Masjid Raya Samarinda

Masjid Raya Samarinda

Sianok

Sianok
Karunia yang berwujud keindahan sebuah ngarai.

Drini, Gunung Kidul

Drini, Gunung Kidul

Dari Bukit Gundaling, Berastagi.

Dari Bukit Gundaling, Berastagi.

Senggigi

Senggigi

04 January 2009

Guru, Adalah Sebuah Pilihan

Dalam sebuah pelatihan di sekolah swasta di Jakarta beberapa waktu lalu penulis kembali mendapat pertanyaan dari seorang guru peserta pelatihan tersebut.
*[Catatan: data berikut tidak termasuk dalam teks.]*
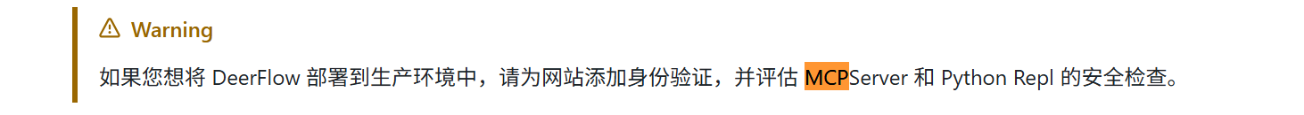 虽然开发者存在提醒: 部署在生产环境时需要评估 MCPServer 和 Python Repl 的安全检查,但是此漏洞危害产生不在接入的 MCP Server 的安全性问题,而是由此项目本身的 MCP 支持功能组件触发,不需要合法的 MCP 服务器。 漏洞触发位置为 MCP Client

Sebenarnya bukan pertanyaan yang harus penulis jawab, karena Pak Guru itu lebih mempertanyakan mengenai kewajiban yayasan selaku pengelola dari lembaga sekolah dimana ia sekarang mengabdikan kompetensinya. Kalau dirinya sebagai guru dituntut untuk berkualitas, maka bagaimana kontribusi lembaga atau yayasan?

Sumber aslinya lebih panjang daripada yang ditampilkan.